Focus sull’ordinanza della Corte di Cassazione, (Sez. V), del 31 dicembre 2025, n. 35019
 
 
 
 

24 FEBBRAIO 2026

L’intimazione di pagamento non è un atto meramente sollecitatorio, ma un provvedimento autonomamente impugnabile, funzionalmente equiparabile all’avviso di mora ex art. 19, comma 1, lett. e), D.lgs. 546/1992. Con ordinanza della Corte di Cassazione, (Sez. V), del 31 dicembre2025, n. 35019, si afferma che la sua mancata impugnazione nei termini comporta la cristallizzazione della pretesa tributaria. Il contribuente non potrà successivamente far valere vizi relativi ad atti presupposti non notificati né eccepire la prescrizione maturata prima dell’intimazione.

L’intimazione come atto autonomamente impugnabile

Con l”ordinanza, illustrata dall’Agenzia delle Entrate in un contributo del 19 febbraio, la Corte di cassazione interviene su un tema centrale del contenzioso tributario: la natura e gli effetti dell’intimazione di pagamento.
Secondo i giudici di legittimità, l’intimazione non rappresenta un semplice atto interno o un sollecito privo di autonoma rilevanza, bensì un atto funzionalmente equiparabile all’avviso di mora previsto dall’art. 19, comma 1, lettera e), del d.lgs. 546/1992. In quanto tale, essa è autonomamente impugnabile dinanzi al giudice tributario.
Il principio si inserisce nel solco dell’orientamento che valorizza la sostanza dell’atto rispetto alla sua denominazione formale: ciò che rileva è la sua idoneità a incidere nella sfera giuridica del contribuente, manifestando in modo compiuto la pretesa impositiva.

Non una facoltà, ma un onere processuale

Il passaggio più significativo della pronuncia riguarda la qualificazione dell’impugnazione come onere e non mera facoltà.
La Corte chiarisce che la contestazione dell’intimazione entro i termini di legge (60 giorni dalla notifica) costituisce un preciso dovere processuale del contribuente, ove intenda mettere in discussione la legittimità della pretesa.
La mancata impugnazione determina infatti la definitività dell’atto, con effetti assimilabili a quelli che si producono in caso di mancata contestazione di un avviso di accertamento o di una cartella di pagamento.
In altre parole, l’intimazione diventa il punto di consolidamento della pretesa tributaria.

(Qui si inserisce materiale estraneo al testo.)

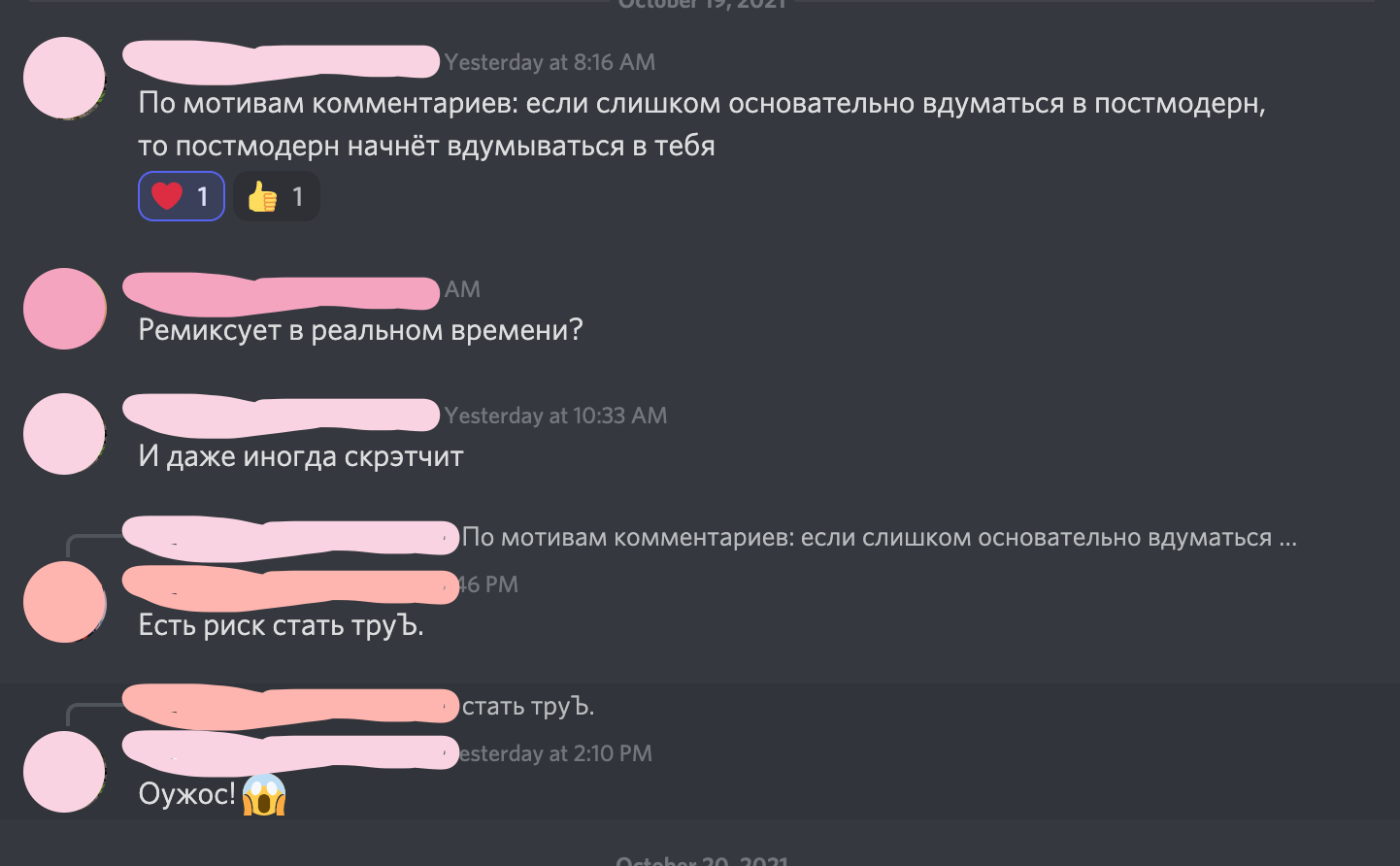 Никто не мог предположить влияния концентрированного постмодернизма на умы.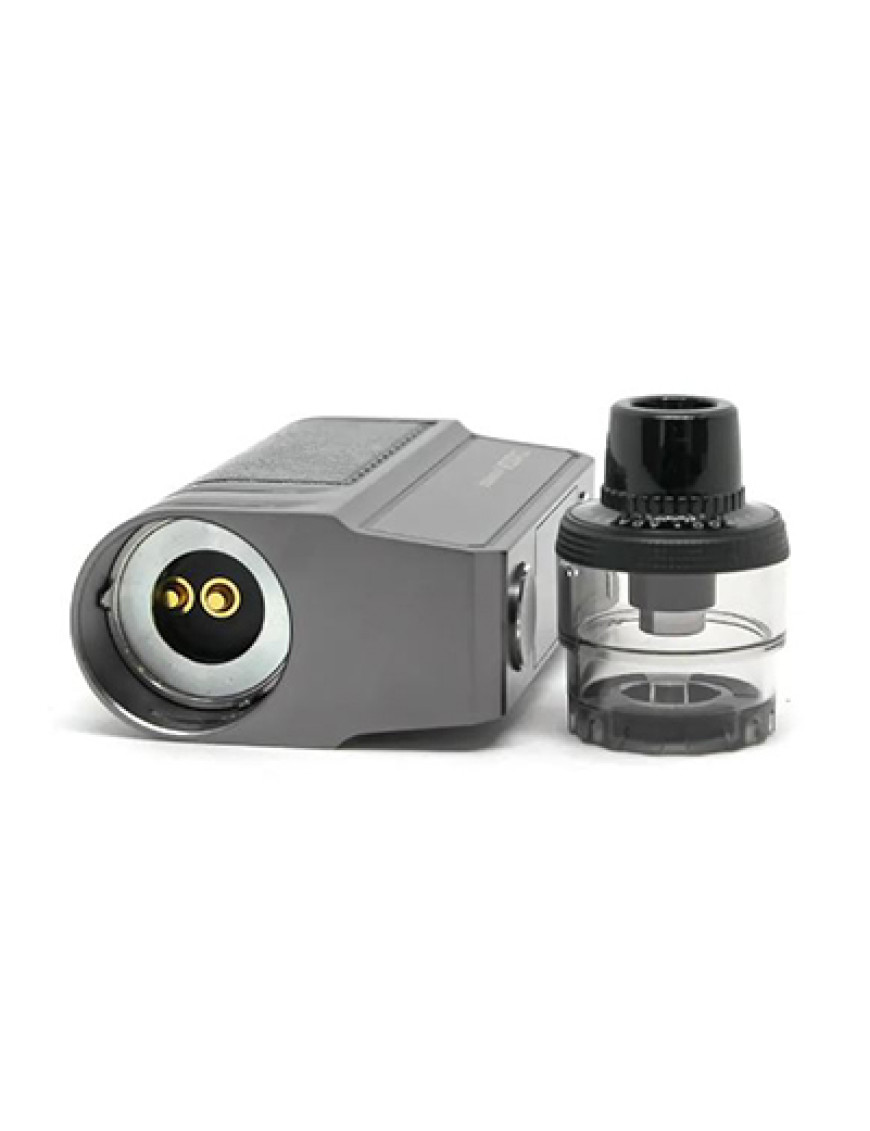 Пристрій представляє собою невелику коробочку, висота якої становить 94 мм з урахуванням бачка, а гранями виходить 46 х 25 мм. На лицьовій частині розташувалася клавіша активації з виїмкою, екранчик, гойдалка регулювання та роз'єм для зарядки. Зі зворотного боку девайс оперізує декоративна вставка. Навпаки слота для картриджа передбачені два прорізи: перша слугує для забору повітря, а друга допомагає краще відстежувати рівень рідини, коли вона залишається тільки на дні резервуара.

La “cristallizzazione” della pretesa tributaria

La sentenza utilizza un concetto ormai centrale nella giurisprudenza di legittimità: la cristallizzazione del credito erariale.
Se l’intimazione non viene impugnata nei termini, il contribuente:
non potrà più far valere eventuali vizi relativi agli atti presupposti non notificati, come la cartella di pagamento;
non potrà eccepire l’intervenuta prescrizione del credito maturata prima della notifica dell’intimazione.
Il principio ha una portata rilevante sul piano pratico. Spesso il contribuente, ricevuta un’intimazione a distanza di anni dalla presunta notifica della cartella, solleva in giudizio l’eccezione di mancata notifica dell’atto presupposto o di prescrizione del credito.
Secondo la Cassazione, tuttavia, tali censure devono essere veicolate attraverso l’impugnazione tempestiva dell’intimazione stessa. In difetto, ogni contestazione successiva resta preclusa.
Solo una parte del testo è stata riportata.